EXERCISE DIRECTIONS: Print the whole listing exactly as it appears, but skip the pictures.

DATA SECTION:
■ ■ ■ ■

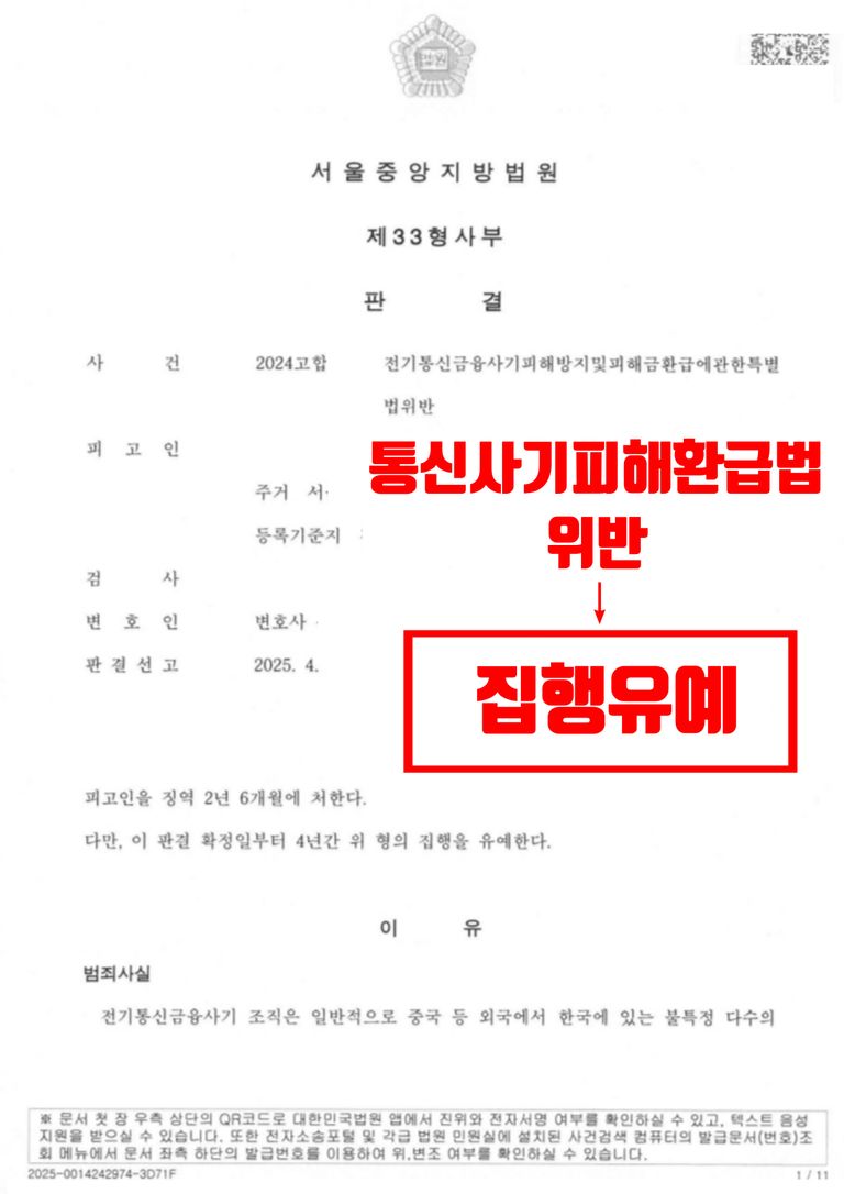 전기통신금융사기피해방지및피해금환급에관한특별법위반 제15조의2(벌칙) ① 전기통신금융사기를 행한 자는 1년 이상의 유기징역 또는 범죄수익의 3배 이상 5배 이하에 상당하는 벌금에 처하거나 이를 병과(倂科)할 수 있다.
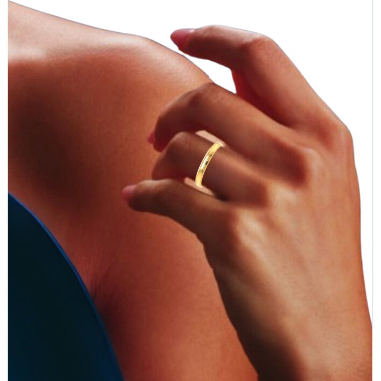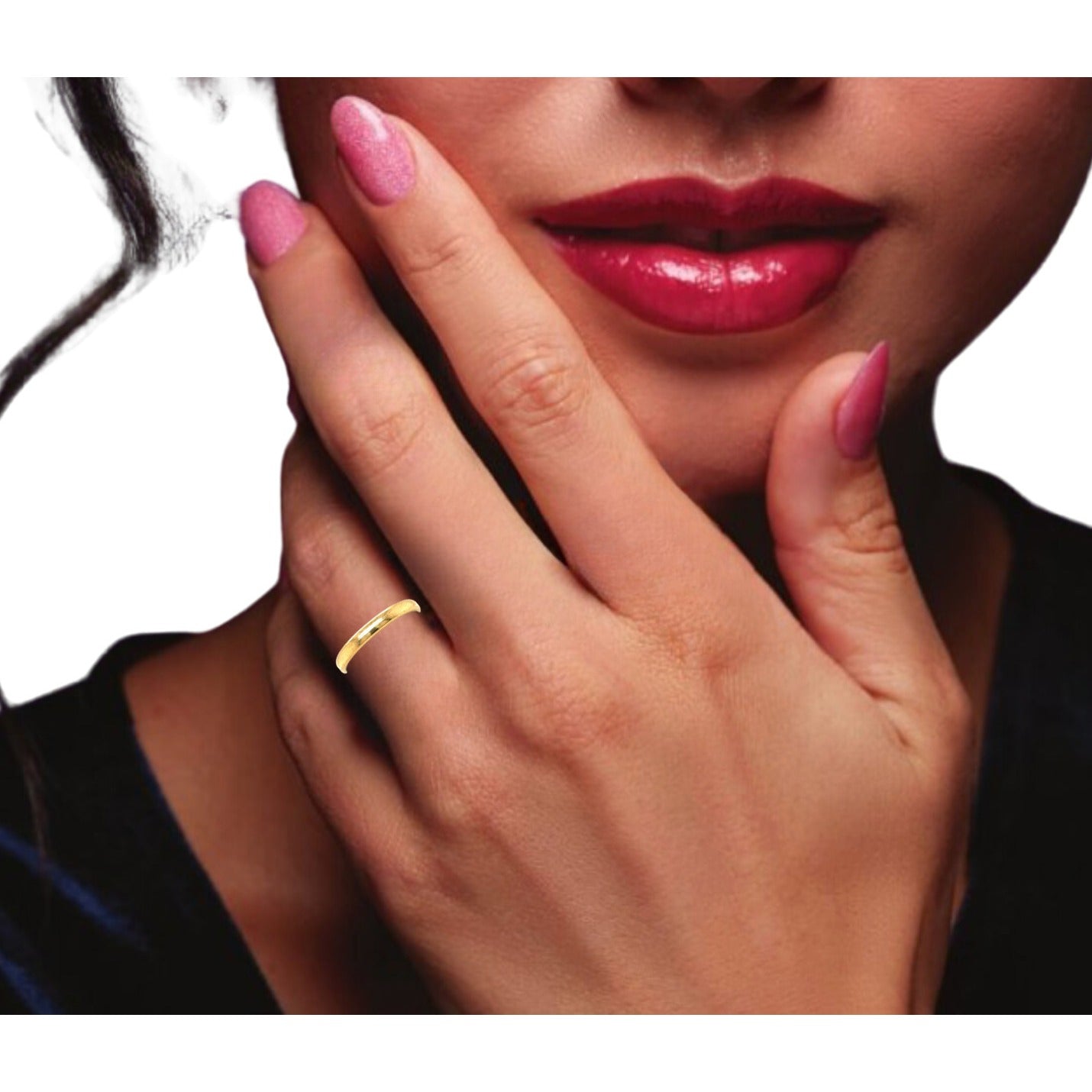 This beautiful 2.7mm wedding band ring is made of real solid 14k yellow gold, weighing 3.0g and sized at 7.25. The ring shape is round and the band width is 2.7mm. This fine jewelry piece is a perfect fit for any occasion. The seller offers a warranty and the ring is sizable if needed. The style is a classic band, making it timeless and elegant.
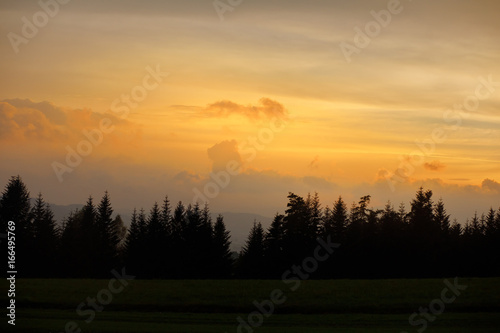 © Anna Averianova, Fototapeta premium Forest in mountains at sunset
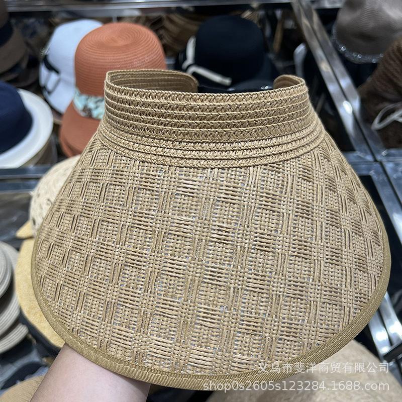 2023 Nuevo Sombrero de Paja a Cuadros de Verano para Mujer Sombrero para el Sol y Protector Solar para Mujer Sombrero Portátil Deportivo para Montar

■ ■ ■ ■

ANSWER TO THE PROBLEM:
 전기통신금융사기피해방지및피해금환급에관한특별법위반 제15조의2(벌칙) ① 전기통신금융사기를 행한 자는 1년 이상의 유기징역 또는 범죄수익의 3배 이상 5배 이하에 상당하는 벌금에 처하거나 이를 병과(倂科)할 수 있다.
 This beautiful 2.7mm wedding band ring is made of real solid 14k yellow gold, weighing 3.0g and sized at 7.25. The ring shape is round and the band width is 2.7mm. This fine jewelry piece is a perfect fit for any occasion. The seller offers a warranty and the ring is sizable if needed. The style is a classic band, making it timeless and elegant.
 © Anna Averianova, Fototapeta premium Forest in mountains at sunset
 2023 Nuevo Sombrero de Paja a Cuadros de Verano para Mujer Sombrero para el Sol y Protector Solar para Mujer Sombrero Portátil Deportivo para Montar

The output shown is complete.